Multi-chip devices can be fabricated faster and more cheaply than a corresponding single integrated circuit, which incorporates the same or different functions. Current multi-chip module construction typically consists of a printed circuit board substrate to which a series of separate components are directly attached. This technology is advantageous because of the increase in circuit density achieved. With increased density comes improvement in signal propagation speed and overall device weight required for the consumer electronics application, such as in cellular phones, and personal digital assistance (PDA). While integrated circuit density increases at a significant rate, the interconnection density has become a significant limiting factor in the quest for miniaturization. Key features that are required in the minimization are high density circuit packing, low cost, reliable interconnect methodology and small package profiles.
Multi-chip modules (MCM), chip scale packages (CSP), or package-in-package (PIP) usually use the wire bonding method or solder bump flip-chip method. Wire bonding increases the overall package thickness, width, area, and footprint.

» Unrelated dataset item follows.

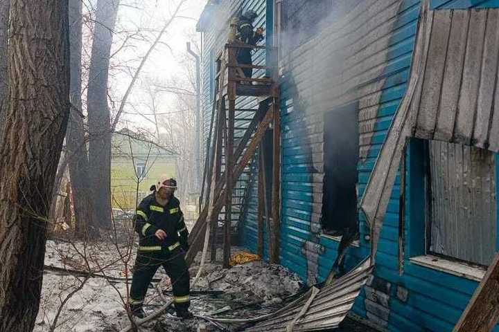 В Хабаровске горит деревянный барак на улице Руднева. По сообщениям местных пабликов, в нем любили собираться люди без определенного места жительства.

Solder bump flip-chip bonding is subject to integrated circuit damage problems and cannot form stacked integrated circuit packages.
Thus, a need still remains for an integrated circuit package to reduce the package size, prevent integrated circuit damage, and stud bump deformation as well as allow multi-stack flip-chip packages. In view of the ever-increasing need to save costs and improve efficiencies, it is more and more critical that answers be found to these problems.
Solutions to these problems have been long sought but prior developments have not taught or suggested any solutions and, thus, solutions to these problems have long eluded those skilled in the art.